According to the court, “the Patents-in-Suit address a technique for reducing the computation difficulty and storage capacity demands in using one-way chains [in encryption applications] on ‘lightweight’ processing devices, like mobile telephones and smartcards.”  Claim 1 of the ’866 patent was discussed as representative:

A method implemented by a processor, the processor being coupled to a memory, the memory having a designated amount of storage available for storing values of a one-way chain, the designated amount of available storage being less than that required to store simultaneously all of the values of the one-way chain, the method comprising the steps of:

storing in the memory a subset of the values of the one-way chain as helper values for facilitating computation of other values of the one-way chain not in the subset, the subset of values of the one-way chain comprising a plurality of designated nonconsecutive values of the one-way chain;

utilizing one of the values in the sub-set of values to compute one of the other values of the one-way chain not in the subset;

generating a cryptographic output determined by the computed value not in the subset; and

updating the stored subset of values of the one-way chain so as to replace at least one of the helper values with a new helper value not previously part of the subset.

Turning to the first step (the “abstract idea” prong) of the Alice test, the defendants argued that “the Patents-in-Suit were directed to the abstract ideas of ‘(1) storing values, (2) computing additional values and data, and (3) storing a new value in the place of one of the previously stored values.’”  But the court found this to be too high a level of abstraction.  The plaintiff was able to point to an alleged improvement over prior art: “the use of ‘helper values’ or ‘pegs’ to reduce computation demands, and a process to move the pegs to various positions in the one-way chain, so that the efficiency gains are repeated for each chain output value.”  In light of cases such as Enfish, LLC v.
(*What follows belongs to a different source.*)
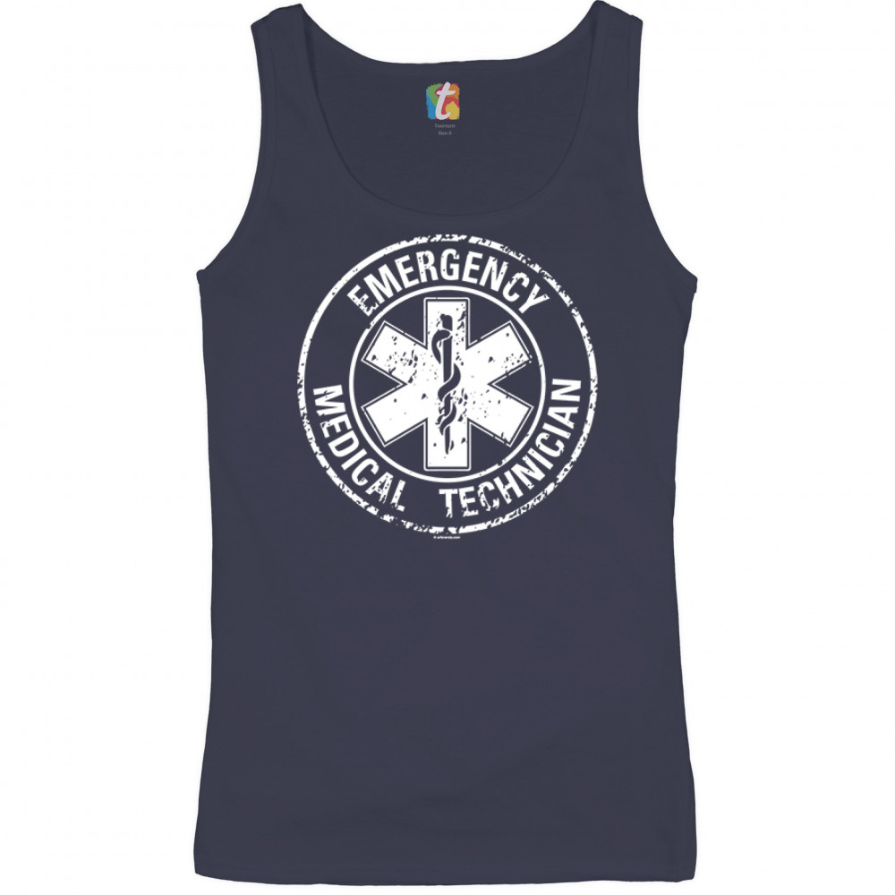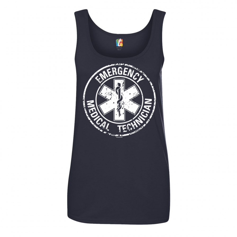 EMERGENCY MEDICAL TECHNICIAN women's tank top emt distressed star of life navy blue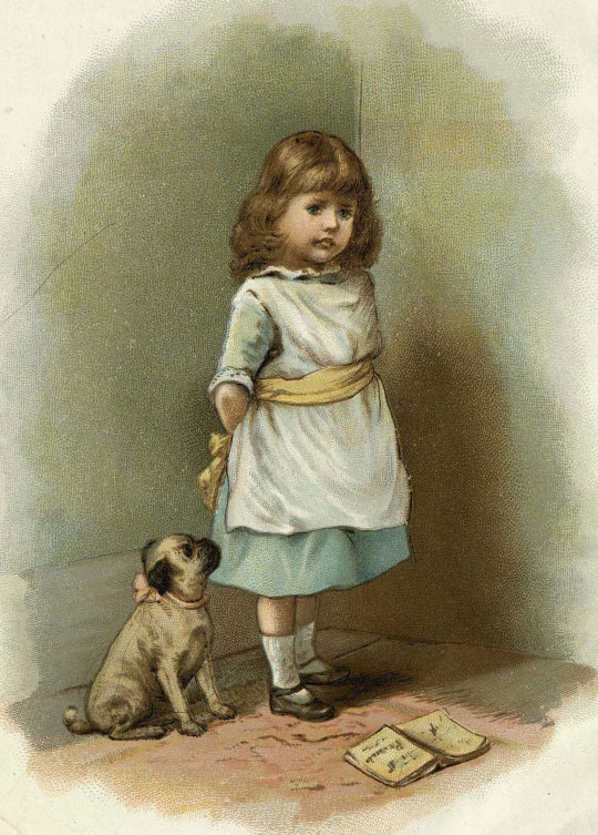Фаня часто играет своими кубиками, в особенности по вечерам, когда в столовой зажигают лампу и ей можно, сидя на своем высоком стульчике, играть на обеденном столе. Бобка тоже усаживается рядом или ложится под столом и, виляя хвостом, ждет, когда Фане принесут ужин; он знает, что девочка и ему уделит кое-что из ужина: кусочек булочки или на блюдечке молока.

Microsoft Corp., 822 F.3d 1327 (Fed. Cir. 2016), and DDR Holdings, LLC v., L.P., 773 F.3d 1245 (Fed. Cir. 2014), “instructing that patents directed to improvements in computer functionality do not fail under Section 101,” the court concluded that the claims were not directed to an unpatentable abstract idea.
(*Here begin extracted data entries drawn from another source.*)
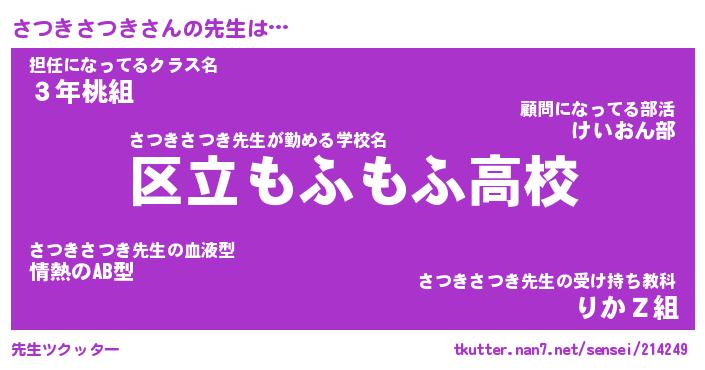 | ヒーロー風カッコイイあだ名 | 『スーパーサツキサツキ』『炎刃騎士サツ』 |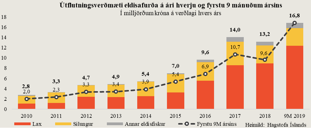 Á fyrstu 9 mánuðum ársins nemur útflutningsverðmæti eldisafurða rúmlega 16,8 milljörðum króna. Á sama tímabili í fyrra var útflutningsverðmæti eldisafurða komið upp í rúma 9,6 milljarða króna og nemur aukningin í krónum talið á milli ára 75%. Að teknu tilliti til gengisáhrifa nemur aukningin rúmlega 56% en gengi krónunnar var að jafnaði 10% veikara á fyrstu 9 mánuðum ársins en á sama tímabil í fyrra. Það er stóraukin framleiðsla á eldislaxi sem skýrir þessa aukningu og er útflutningsverðmæti lax 90% meira á fyrstu 9 mánuðum ársins miðað við sama tímabil í fyrra. Á myndinni hér fyrir neðan má jafnframt sjá að útflutningsverðmæti eldisafurða er nú þegar orðið 20% meira en það hefur mest farið upp í á heilu ári sem var árið 2017.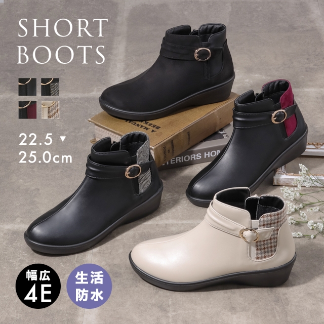 上品な配色とベルトデザインがお洒落なショートブーツ。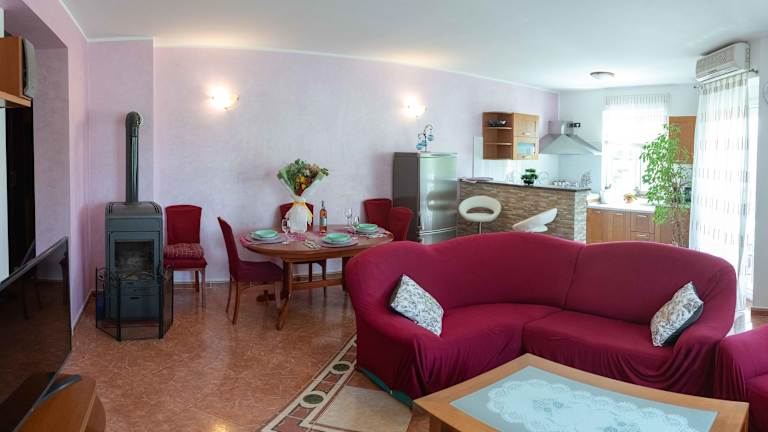 Apartment Kata bietet klimatisierte Übernachtungsmöglichkeiten mit Balkon. Die Unterkunft verfügt über zwei Schlafzimmer, eine gut ausgestattete Küche mit Kühlschrank und Ofen sowie ein Badezimmer mit Bidet, Haartrockner und Waschmaschine. Das Apartment ist für Familien geeignet und stellt die Bequemlichkeit eines Privatparkplatzes zur Verfügung.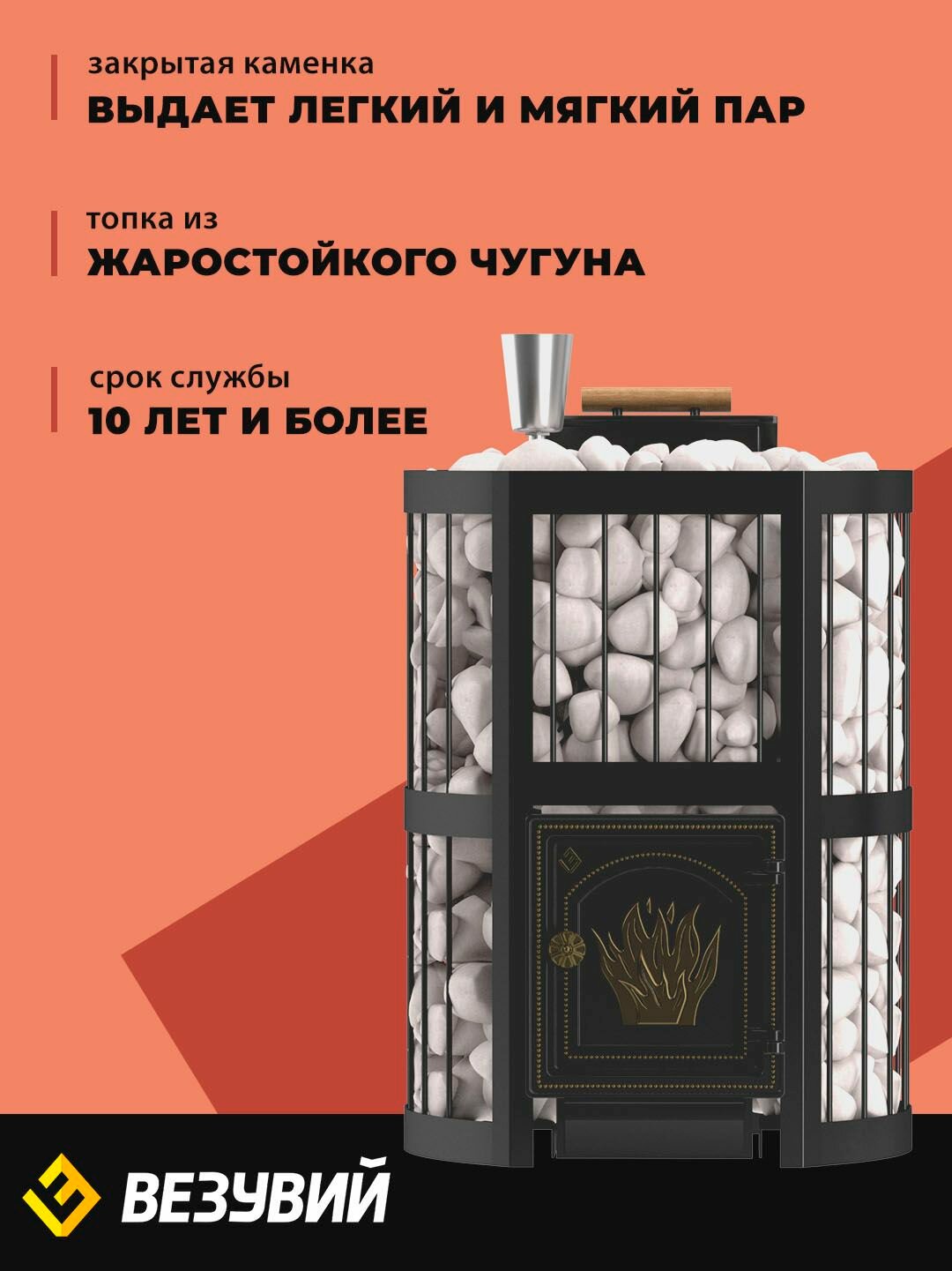 Топка печи сделана из 3-х чугунных элементов, что позволяет производителю заявлять срок службы - до 30 лет. Между элементами, при помощи термостойкого герметика, прокладывается термостойкий керамический шнур. Элементы топки соединены между собой болтовым соединением, что даёт 100% гарантию безопасности при эксплуатации.

Further, the court considered the second prong of the Alice test (significant innovation rendering an abstract idea patentable) “because there is not yet a developed evidentiary record, and because some of the cases to consider the patent eligibility of computer-related technology focus on Alice step two.”  The court rejected the defendants’ argument “that the Patents-in-Suit are categorically abstract because they are directed to the field of cryptography.”  Remember this the next time a patent examiner tells you that software is “per se” ineligible under Section 101.

Indeed, the court found this cases to be like two prior cases that had found encryption software to be patent-eligible.  Here, the court explained:

the Patents-in-Suit describe a method for placing and relocating pegs in a one-way chain, in order to reduce the computation or storage required for computing the values in a one-way chain. This additional limitation on the process of computing values in a one-way chain is not simply a “trivial appendix to the underlying abstract idea.” CLS Bank Int’l, 717 F.3d at 1283.

It should be added that the court noted it was considering “the facts in the light most favorable to the plaintiff,” and that its denial of the motion because “the defendants have not established that the claims are patent-ineligible under Section 101” was predicated on “the present procedural posture.”  That is, this case was at the pleadings stage.  One wonders whether the result really would have been different at a later stage of litigation.  Perhaps we’ll find out.

Lessons for Practice

First, it is always nice to have a reminder that claims drawn solely to software, or processing data, are not, as some patent examiners would have it, per se patent ineligible.  Second, invalidity under Section 101, on the one hand, and Sections 102 and 103 on the other, may, technically and logically, be different questions.  Nonetheless, novel and non-obvious features distinguishing from prior art matter to the Alice patent-eligibility analysis, sometimes quite a bit.  Third, while defendants often are well-advised to bring Section 101 invalidity arguments at the pleadings stage, many judges, as here, will be cautious in considering, and conservative in granting, such motions.